* _DIRECTIONS_: Repeat exactly the lines of the records below, starting at the line containing "这次义工服务队给老人们带来了" and ending at the line containing "16 Años Globo de Helio Negro Oro Vacío 45cm". Leave the pictures out.

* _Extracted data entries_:
+++
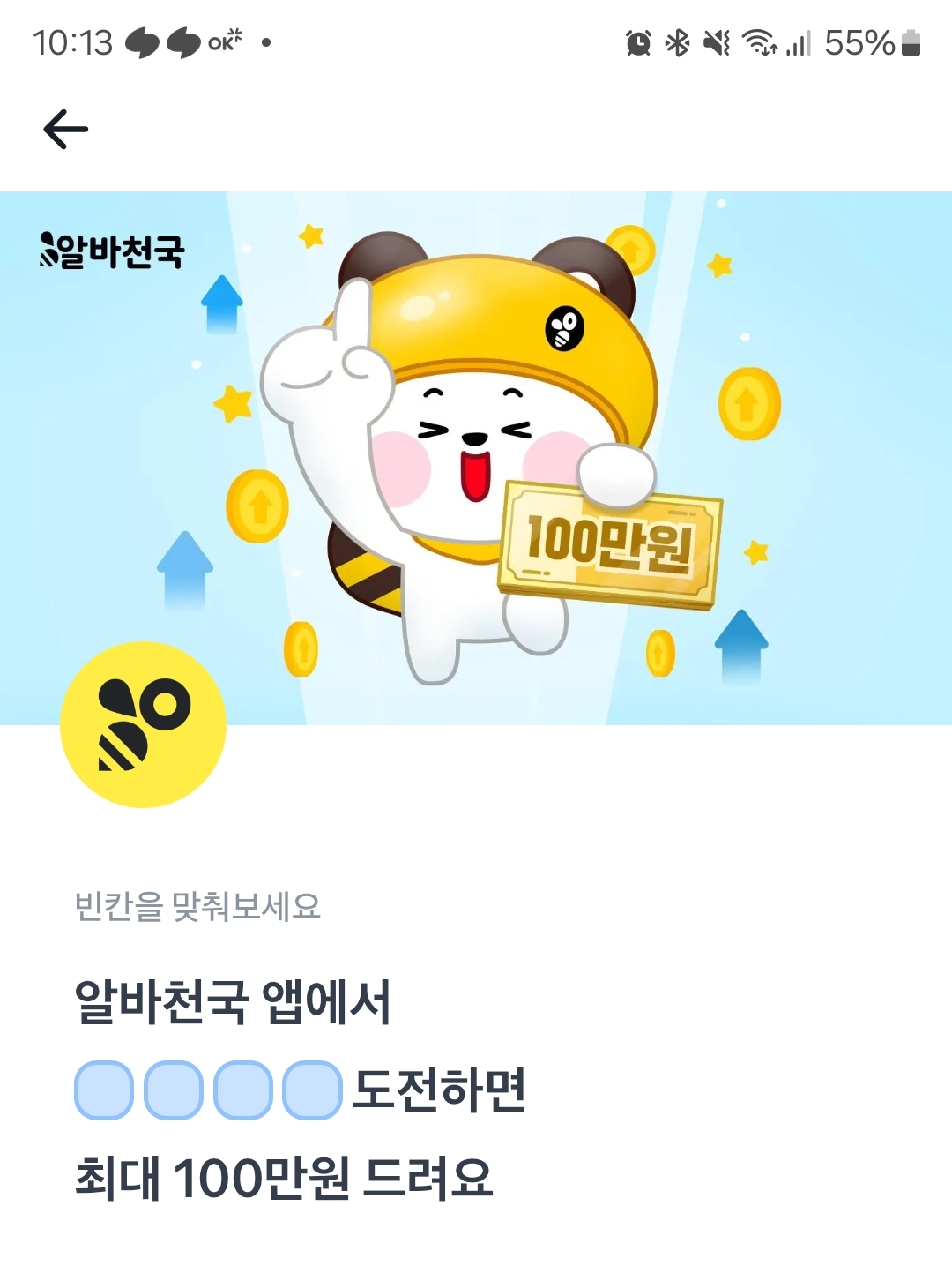 알바천국 앱에서 ㅇㅂㅁㅅ 도전하면 최대 100만원 드려요.
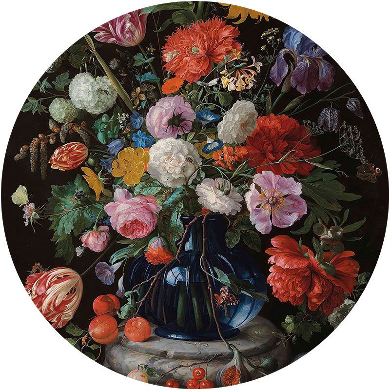 A beautiful painting by the famous painter Jan Davidsz de Heem of a collection of flowers in a glass vase, made around 1650.
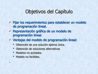 Este documento presenta los conceptos básicos de la programación lineal. Explica cómo formular un modelo de programación lineal con variables de decisión, restricciones y función objetivo. Describe un ejemplo de optimización de la producción de juguetes y cómo resolverlo gráficamente y con el método simplex. También cubre el análisis de sensibilidad y diferentes tipos de soluciones como óptimas, no factibles o no acotadas. Finalmente, menciona el uso de software para resolver grandes modelos lineales.
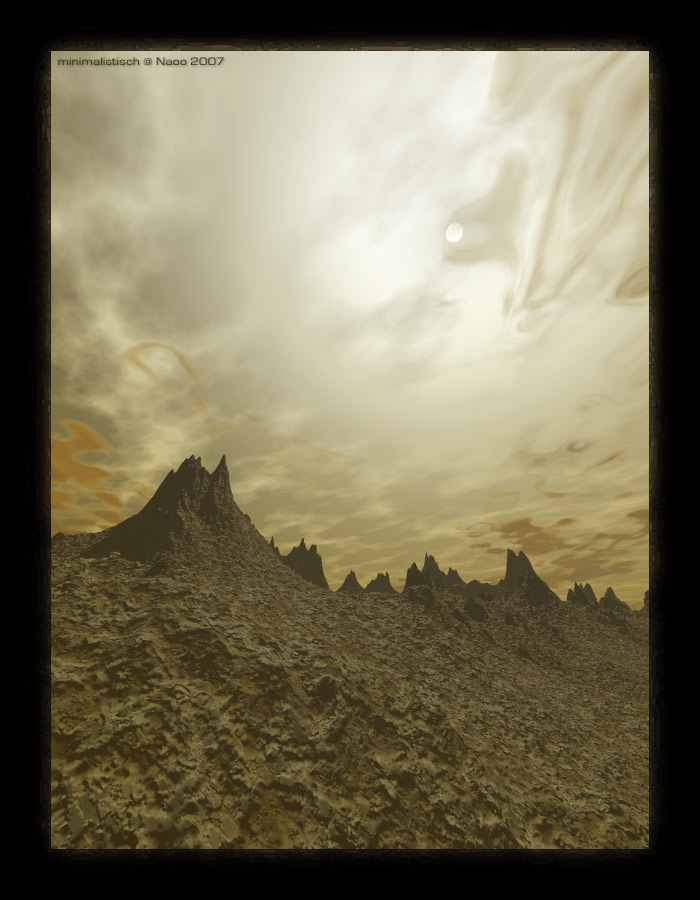 Das liegt unter anderem daran, dass es mit Bryce so wunderbar gut gelingt eine fremdartige Atmosphäre zu erschaffen. Dieses Bild besteht lediglich aus zwei Terrains, sonst nichts. Der Rest sind Einstellungen im Himmel.
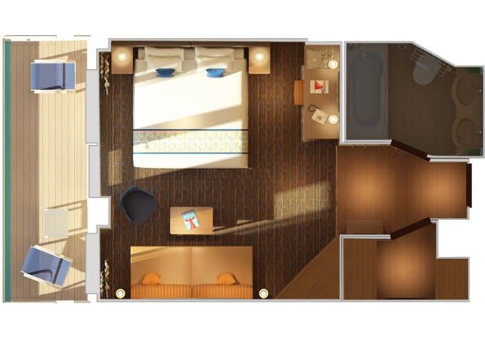 | OS - Ocean Suite 100 - 108 m² (kajuta a balkón). 2 koupelny, vířivka, šatník. Služby Suite. | 57 419 Kč 28 710 Kč za osobu |
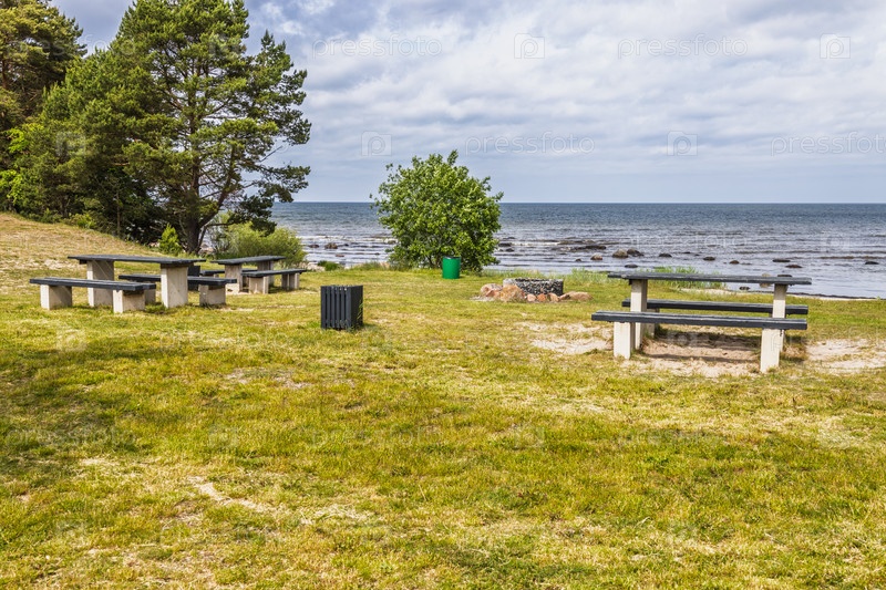 Пустые приморские пикники на побережье Балтии с скамейками, кострами, травой и волнами под драматическим небом
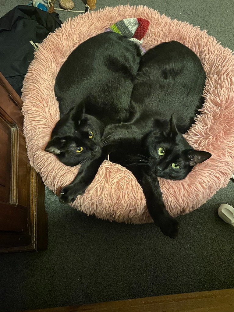 I'm the more active of us two, a little needy (you got a problem with that?) and I meow a lot - I like to talk ok? I stick my nose and whiskers into lots of things - I'm very curious about what's going on in my world. Cuddling and belly rubs, give 'em to me baby. It could take a little while for me to come round to you (there was some trauma in my life when I was a little kitty) but I am very loving, quirky and sweet - yeah, maybe a little on the clingy side, but once you know where the good love is coming from, you know. Strangers and loud noises stress both of us out and we do like our quiet time bird watching and lying in the sun. But then when it's play time, watch out - I like getting my toys out and showing you which ones I want to play with! When it comes to who's top cat around here, well that'd be me, of course. Sometimes, at night I might have to put Ava in her place, but it's all in good fun and there's no hard feelings. She's my girl, my ride or die and I love her as much as I'll love you.
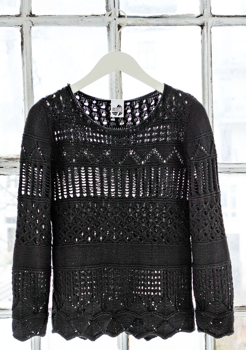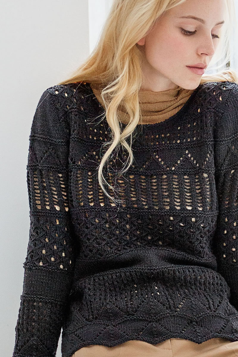 350 (350, 400) g of Lana Grossa 365 Cashmere (77% cotton, 15% cashmere, 8% polyamide; 175 m/50 g) in Black (col 12). Size 4 mm needles; size 4 mm circular needle, 40 cm long; cable needle [cn].
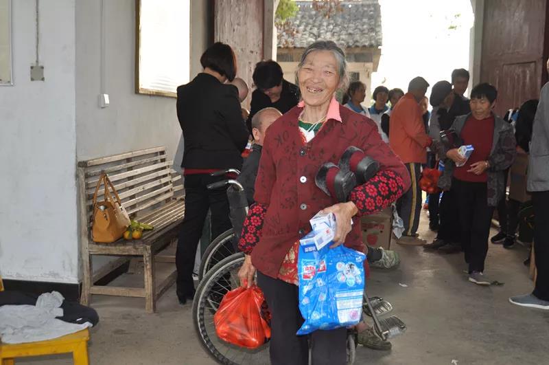 这次义工服务队给老人们带来了饼干、糖果、蛋糕、袜子、围巾。年轻的队员教老人们扎出整齐的围巾,老人们高兴地戴着围巾拍照。
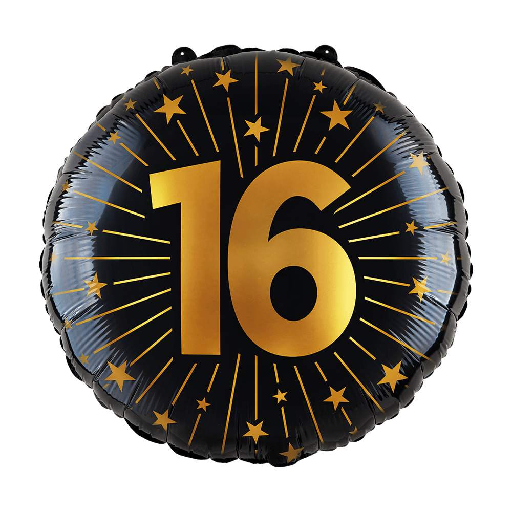 16 Años Globo de Helio Negro Oro Vacío 45cm
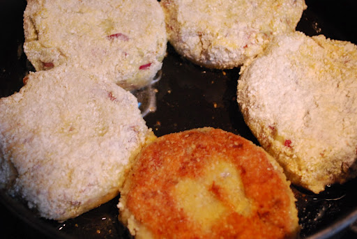 Next up – frying!  I heated some vegetable oil until it was hot enough to cause the potato cakes to make that lovely sizzle noise as I placed them in the pan.  I browned them on both sides and then moved them to a moderate oven (350) for about 20  minutes.  The time in the oven is completely discretionary – they were ready sooner than 20 minutes and they could have stayed in the oven longer.  It was just what worked for me.
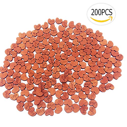 Oruuum 200Pcs Rustic Wooden Love Heart Shape Wedding Table Scatter Decoration Crafts DIY,1215mm(Dark Brown)-No Hole
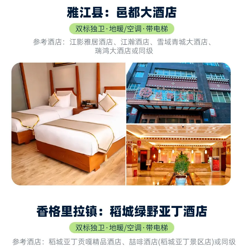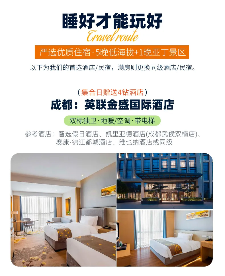 全国各地的小伙伴抵达成都,入住我社为您安排的酒店。 今天是集合日,您可以放下行李后在酒店好好休息一下,也可以去品尝一下各种美食。 上午抵达成都的小伙伴,可以逛一逛成都的时尚中心【春熙路】和千年古刹【大慈寺】,打卡中西合璧的【太古里】和【IFS翻墙熊猫】。 下午抵达成都的小伙伴,可以去【锦里】和【宽窄巷子】, 感受最悠闲惬意的蓉城慢生活,或者是去打卡赵雷《成都》里的【小酒馆】。 特别提醒: (1)集合日为自由活动,不是正式的行程,请在自由活动时注意人身财产安全,集合日不含保险; (2)到集合酒店报“大美稻亚+姓名”拿房,房费已付,押金自付。入住酒店的时间一般在集合日当天的14点以后,如果您提前到达且酒店房间未整理出来无法办理入住,可将行李暂时寄存在前台,先在市区周边自由游玩; (3)领队或驾驶员会在集合日21:00之前,通知队员次日的出发时间,如果21:00尚未接到领队或者驾驶员的通知,请联系客服确认; (4)建议队员们在集合日抵达成都后,可在市区采购一些旅行用品,如零食、佐餐小菜、药品等。 |
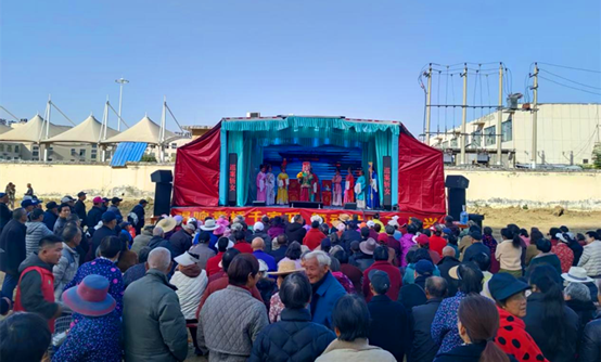 演出尚未开场,现场已人头攒动。老人们搬着小板凳提前占位,孩子们在家长身旁好奇张望,邻里间热切寒暄,热闹氛围驱散了冬日凉意。下午2时8分,欢快的锣鼓声响起,演出正式拉开帷幕。舞台上,演员们身着绣工精美的戏服,头戴玲珑别致的头饰,扮相栩栩如生,唱念做打功底扎实,唱腔时而高亢激昂、穿云裂石,时而低回婉转、如泣如诉,清晰传至每个角落;灵动身段与传神眼神配合悠扬伴奏,将经典角色演绎得入木三分。观众们目不转睛,掌声与喝彩声此起彼伏。
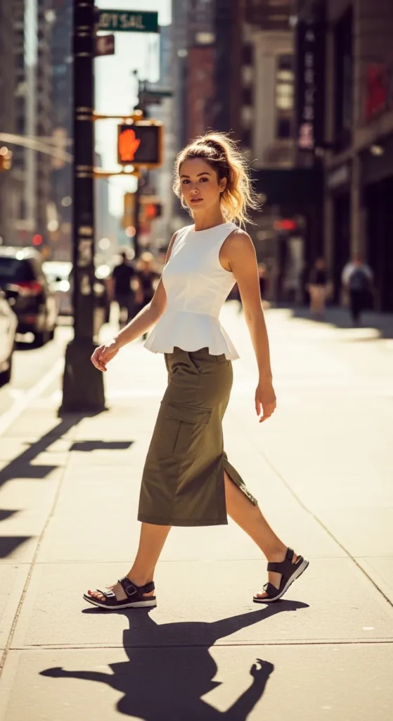 A sleeveless peplum top paired with a casual cargo midi skirt blends femininity with utility. It’s modern, comfortable, and ideal for busy sunny days.
+++
* _SOLUTION_:
 这次义工服务队给老人们带来了饼干、糖果、蛋糕、袜子、围巾。年轻的队员教老人们扎出整齐的围巾,老人们高兴地戴着围巾拍照。
 16 Años Globo de Helio Negro Oro Vacío 45cm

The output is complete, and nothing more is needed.